(Provided entries)

==========

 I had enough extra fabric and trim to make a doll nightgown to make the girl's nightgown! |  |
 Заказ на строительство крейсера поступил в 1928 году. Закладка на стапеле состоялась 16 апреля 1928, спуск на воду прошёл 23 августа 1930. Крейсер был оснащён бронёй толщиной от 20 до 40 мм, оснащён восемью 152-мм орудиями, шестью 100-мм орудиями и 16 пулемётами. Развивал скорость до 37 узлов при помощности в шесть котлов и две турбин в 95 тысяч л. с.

==========

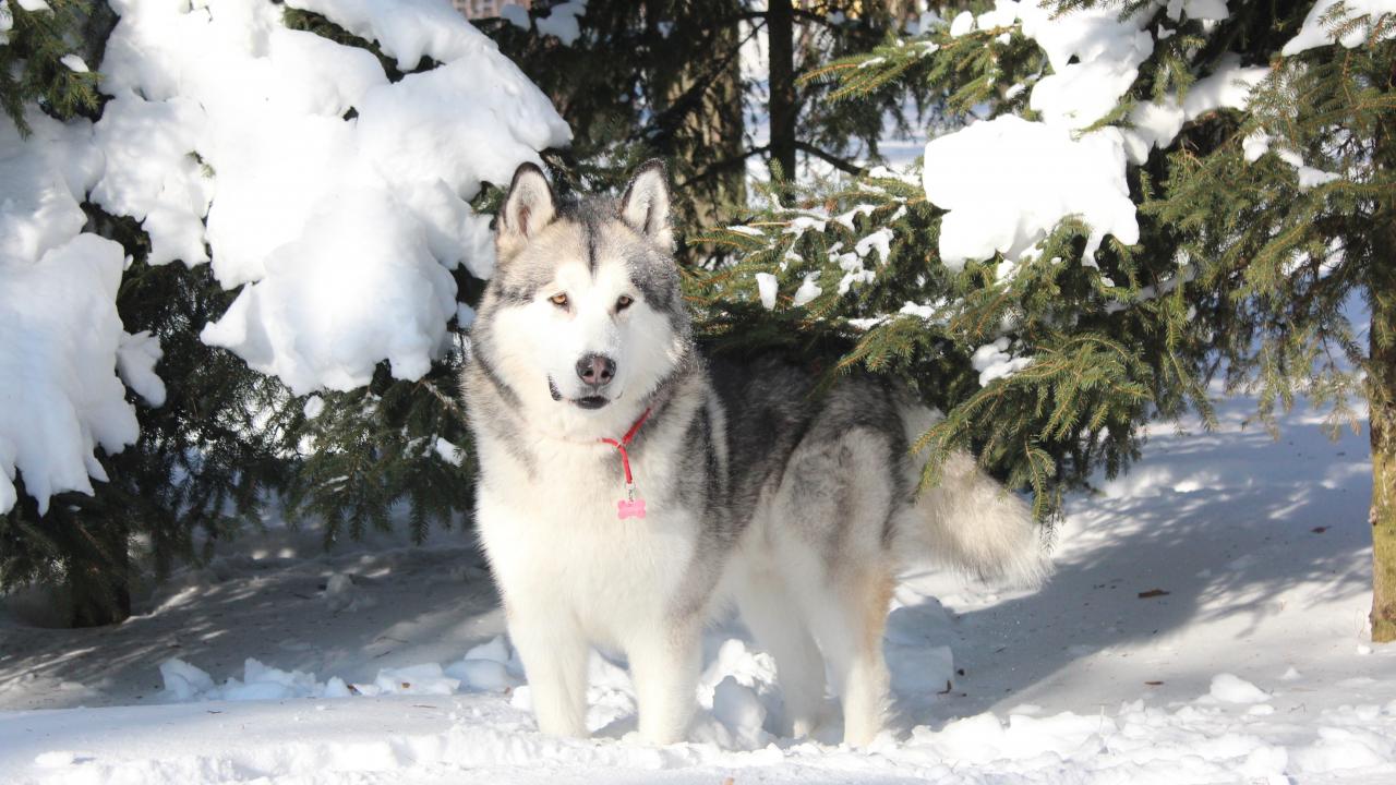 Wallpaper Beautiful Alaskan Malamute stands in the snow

==========

(Activity) Reproduce exactly the section above that begins at the line containing "I had enough" and ends at the line containing "Заказ на строительство", leaving out all other lines.

(Response box)
 I had enough extra fabric and trim to make a doll nightgown to make the girl's nightgown! |  |
 Заказ на строительство крейсера поступил в 1928 году. Закладка на стапеле состоялась 16 апреля 1928, спуск на воду прошёл 23 августа 1930. Крейсер был оснащён бронёй толщиной от 20 до 40 мм, оснащён восемью 152-мм орудиями, шестью 100-мм орудиями и 16 пулемётами. Развивал скорость до 37 узлов при помощности в шесть котлов и две турбин в 95 тысяч л. с.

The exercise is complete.